CDP and Backup Software: The Fundamental Differences
Here's a question for you to answer. Backup software and continuous data protection (CDP) software: same or different? And if different, is CDP software a replacement kind of different or a complimentary kind of different? This is a critical question for companies to answer as they contemplate the adoption of CDP software in their enterprise because the answer to it influences how companies spend their money and in what circumstances.
Backup software is an integral part of many companies' core IT operations so the idea of replacing it with CDP software can be a discomforting thought for these individuals within organizations. However a "rip-and-replace" strategy is not necessarily the correct way to view CDP software either. To perceive it correctly, companies should first have a fundamental understanding of how backup and CDP software differ from one another, what specific problems that each one is designed to address and then how to best position these two respective technologies appropriately in your organization.
First, backup software and CDP software are respectively designed to take advantage of technologies that are/were widely available, inexpensive and abundant at the time they came into existence. In the 1990's, tape was much more inexpensive than disk so backup software was designed to take advantage of tape's lower costs as well as to manage tape media. Meanwhile CDP software has came of age in the 2000's as the cost per GB cost of disk has dropped - primarily as a result of the widespread corporate adoption of Serial ATA (SATA) disk drives.
Second, backup software was developed to satisfy lower corporate expectations for recovery that existed in the 1990's. Companies were once content to know that they could only recover data from last night's backup and accepted the fact that they had to make other provisions to recover data that was new or had changed since the backup occurred if they needed a more robust recovery. Today's application owners and users are not so forgiving of that approach anymore. CDP addresses these higher recovery expectations by giving application owners and end-users the option to recover data back to any previous point in time.
Third, CDP is intended to store data on disk for relatively short periods of time while backup software can store backup data on either disk or tape for relatively long periods of time. While companies can configure CDP software to retain data it has protected for any length of time, realistically speaking most recovery requests (~80%) for data occur within 7 days from when the data is protected and almost all requests (~95%) within 30 days of when the data is protected. Hence it makes sense to keep data on disk to expedite recoveries.

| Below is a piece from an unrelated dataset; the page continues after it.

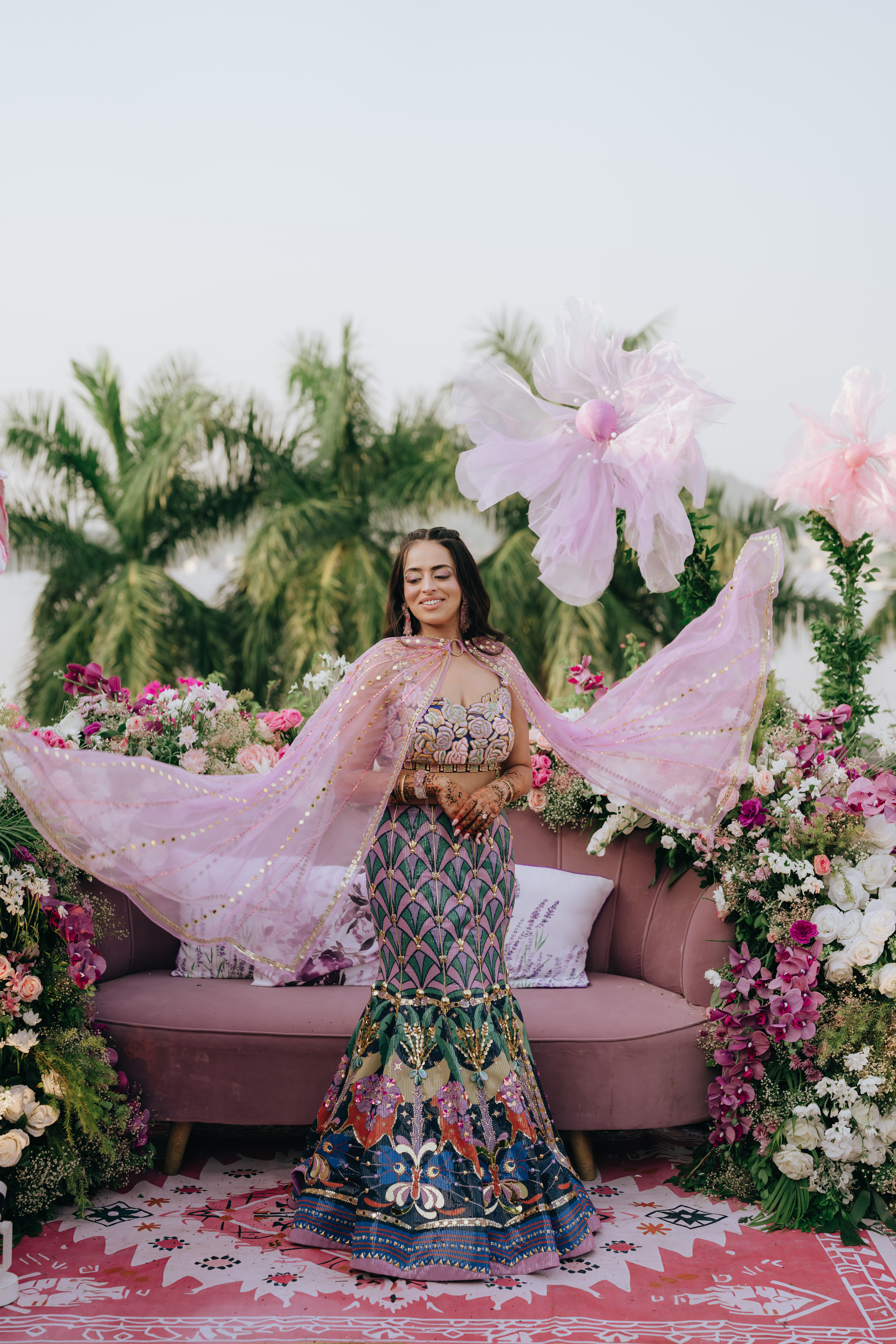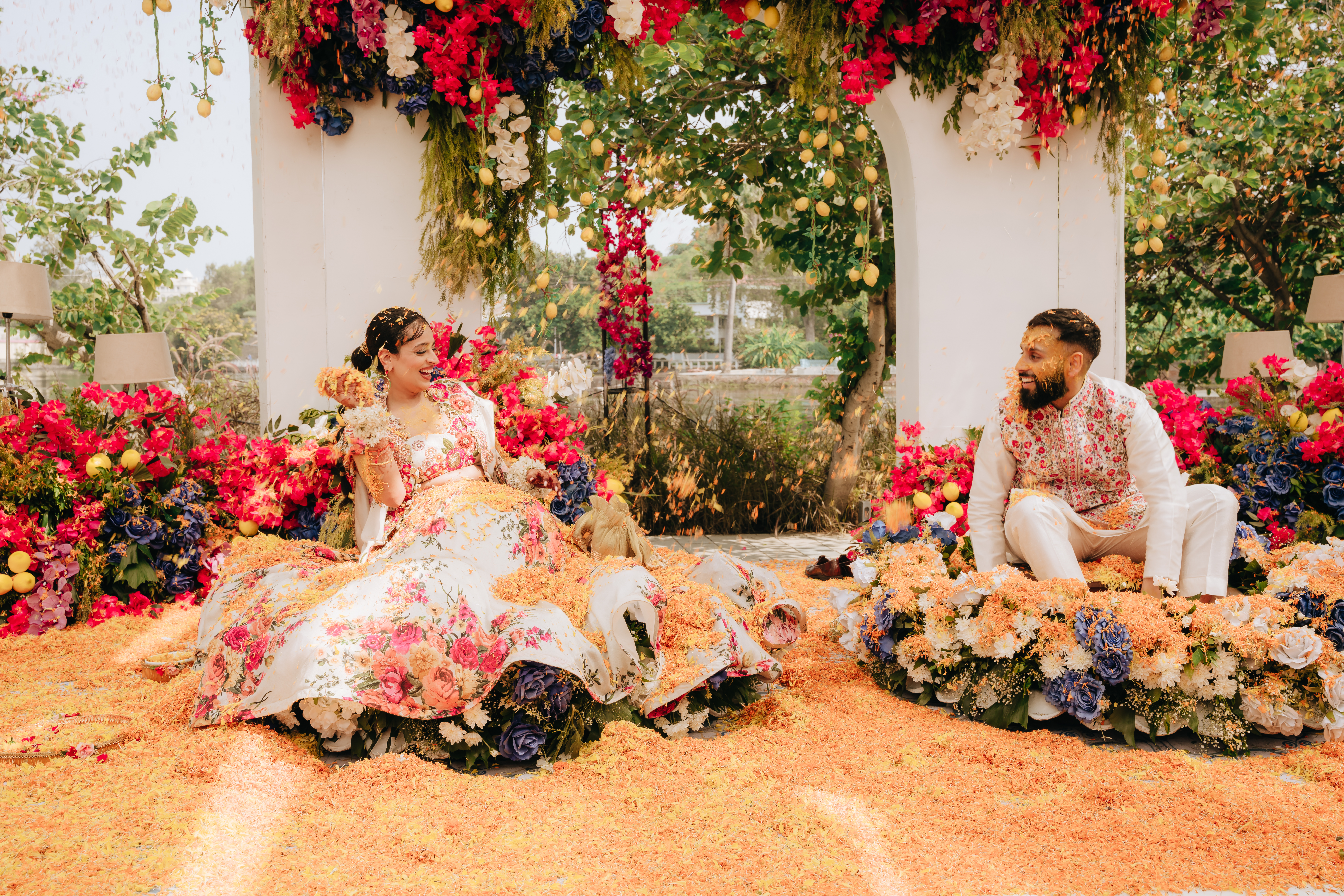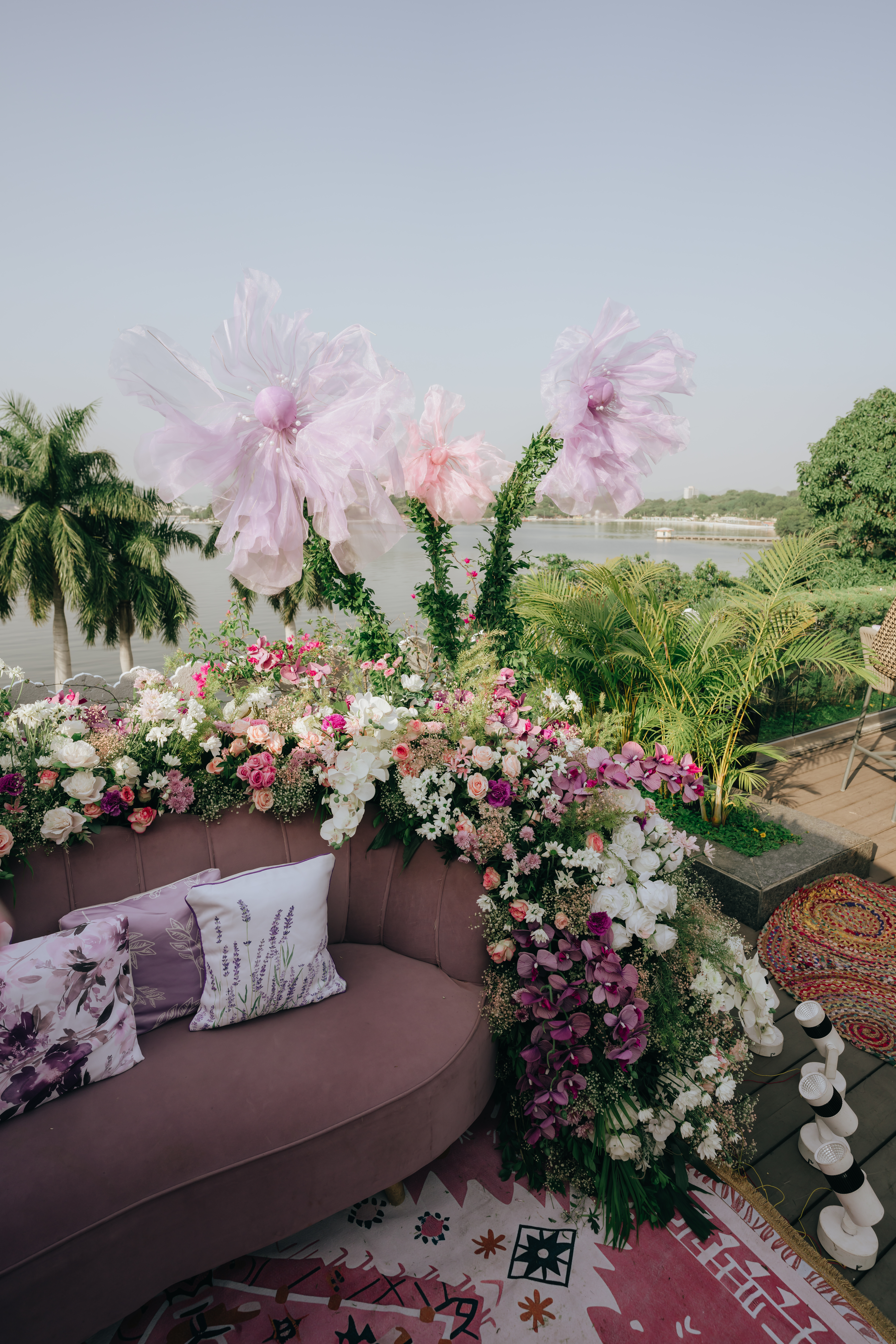 The mehndi bloomed in vibrant garden romance – a palette of blush, lavender, and fuchsia wrapped around the space in lush florals and whimsical oversized blooms. A blush-toned lounge nestled amid cascading flowers created the perfect frame for candid moments, while patterned pink flooring and delicate lavender details brought in playful charm. It was a celebration bathed in colour, joy, and lighthearted elegance.

However keeping all data on disk forever is not always cost-effective and companies may still have internal or regulatory requirements to keep copies of this data for months and years. In these circumstances, using backup software to move the data from disk to tape is still the logical and best way to tackle this. Not only can backup software copy and/or move the data from disk to tape, but it can also manage the tape libraries and cartridges on which the data is stored.
Further, using CDP software in this situation not only complements backup software, it actually enhances its capabilities. Products like InMage Systems' DR-Scout have the capability to create consistent, point-in-time snapshots of data it protects and then presents these snapshots of the backup software for backup. This provides the backup software with unfettered access to previously backed up data, off-loads the overhead associated with the backup from the application server to the CDP server and expedites the transfer of the data from disk to tape since the backup job is not competing for server resources as frequently occurs on application servers.
So the short answer to the question I posed at the outset is that backup software and CDP software are both complimentary and competitive software packages. On server hosts I would classify them as competitive as CDP software potentially replaces the need for backup software agents. However once the data is centrally protected by the CDP software, backup software compliments CDP software by handling the management and movement of backup data from disk to tape to meet other concerns (such as archiving, regulatory, and retention) that the organization needs to satisfy.